Thursday, July 12, 2012

Comics everywhere apparently agree: Rape jokes are awesome

| »
Daniel Tosh
Daniel Tosh

So, Daniel Tosh, a terminally unfunny comedian whose basic cable show consists of poking third-grade-level fun at people in random YouTube videos, apparently has a thing for rape jokes – and responding to a protestor by turning her into a punchline about gang-rape. To be fair, though, no-one of taste or relevance has ever found Daniel Tosh to be remotely humorous or respectable, so his disgrace is approximately on par with Gallagher’s famous flame-out a couple years back. Nothing of value was lost. (Tosh did offer a borderline notpology on Twitter, which hardly makes up for his blatant lack of a decency filter in the first place.)

Unfortunately, other comedians – real and respected ones – have been quick to jump on the excuse train, apparently sensing that one of their fellows had the boot of the PC feminist police on his windpipe. Here are all the stars of comedy who think that joking about a lone woman being gang-raped in the middle of a laughing audience is not just tolerable, but, like, totally cool:

Granted, this sort of a response is expected from pricks like Jim Norton and Dane Cook, but Patton Oswalt? Even Louis CK? It’s a fucking disease.

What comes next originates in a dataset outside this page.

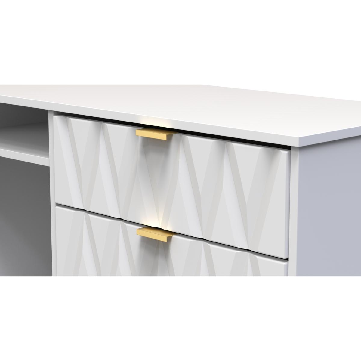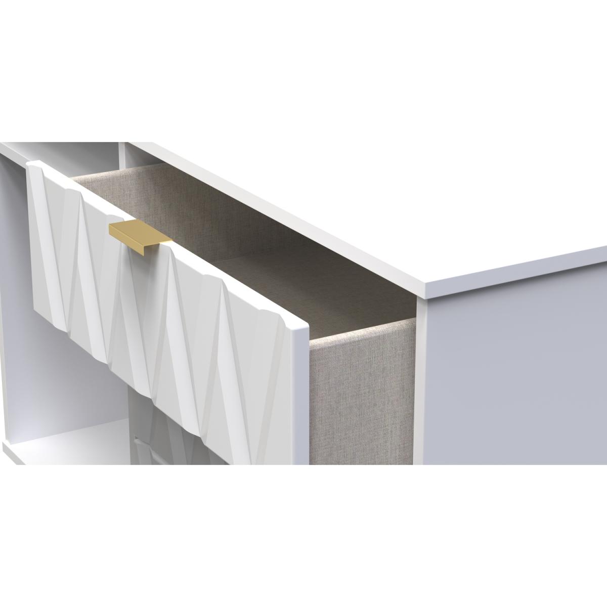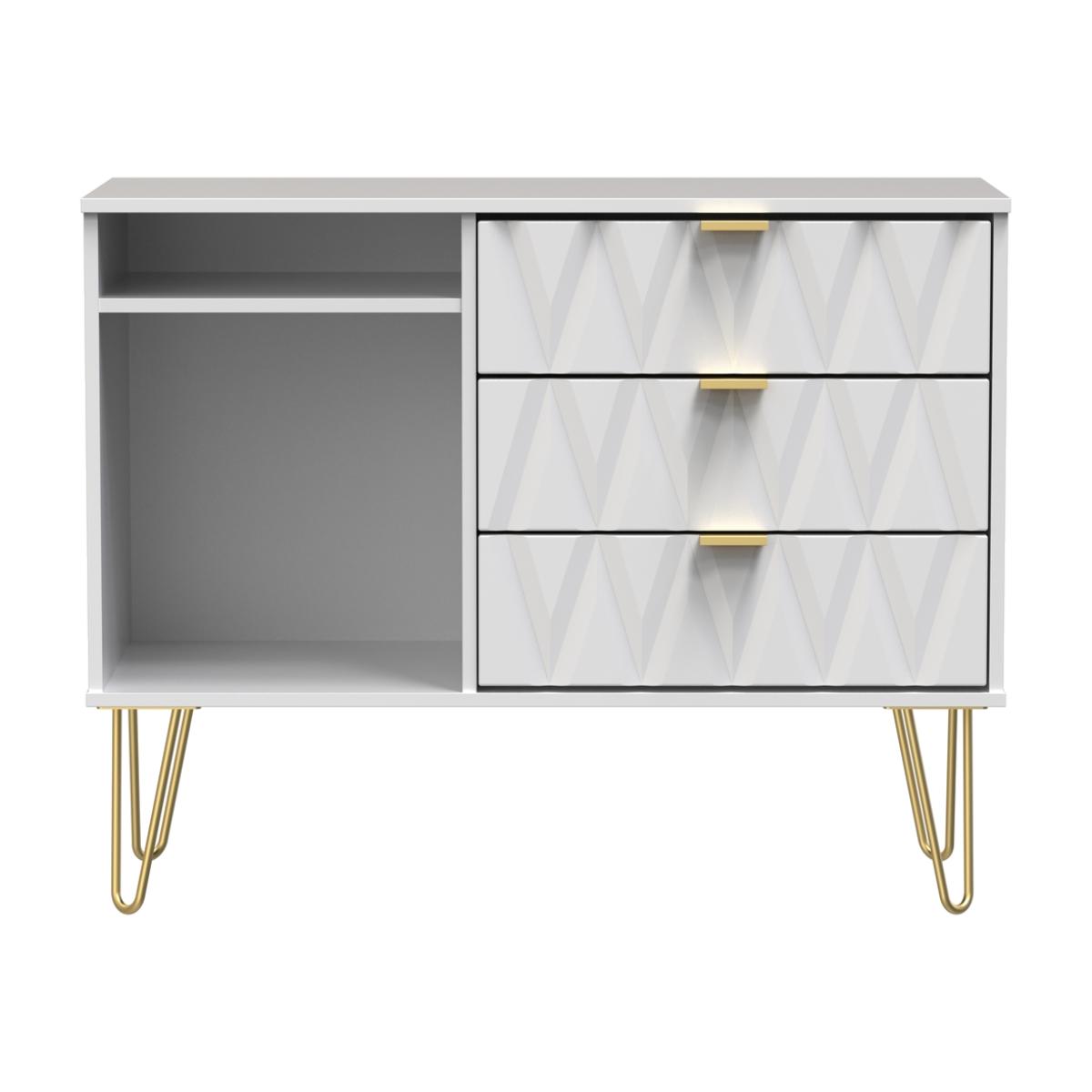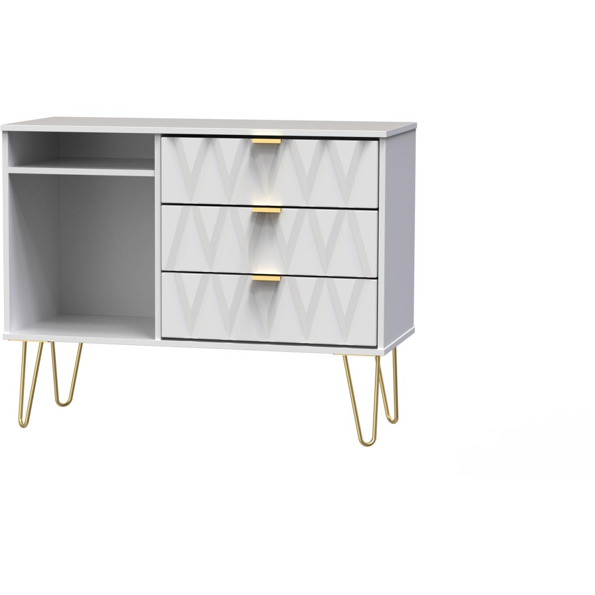 This modern storage unit features 3 drawers and a large storage area with a single shelf. Can be used as a TVMedia unit or sideboard. Say hello to contemporary cool with the Diamond range, with distinctive patterned drawers and a variety of colour options available to compliment any interior design. Gold metal handles and sturdy hairpin legs complete the storage solution. All our furniture is made in the United Kingdom, to the highest quality. It is delivered direct to your location of choice by one of our two man delivery teams, and come full assembled (although legs may be removed to prevent damage in transit).

Look, I’m one who believes that humor is inherently a vague and overbroad concept and that, by default, there is nothing that can’t or shouldn’t ever be joked about, no matter how sensitive or controversial. Humor is less about the subject matter and almost entirely about the construction and presentation. The only real limiting factor, other than the mindset of a given audience, is comedic talent. That’s essentially entire raison d’être of the notorious Aristocrats joke, after all – that nothing is inherently off-limits, regardless of how dark, gruesome or disturbing it may be. I don’t like rape jokes, myself, but I can’t muster any anger at anyone else who laughs at the occasional one without being a hypocrite. That’s just the subjective nature of humor. Context is everything.

But there is nonetheless a very clear and unmistakable line between constructing or presenting a joke, even a bad or offensive one, and going beyond comedy to turn real people into targets of vicious attacks under the guise of humor. Hecklers may be annoying, but that doesn’t automatically make them wrong. Protestors do occasionally have a point, even if it means speaking up in a comedy club during a humorist’s routine. And whatever people may think of that woman who voiced her concerns, bringing up the horrors of real-life sexual assault and dumping it on her head just to shut her up isn’t merely stepping over that line of basic decency; it’s blasting across it so hard you transcend space-time itself and end up in another dimension, perhaps one where laughing at the idea of a concerned woman being sexually brutalized by a bunch of men is ever acceptable.

Shame on Tosh and his ass-kissing idiots. And especially shame on people like Oswalt, Louis CK, and anyone else who really should know better.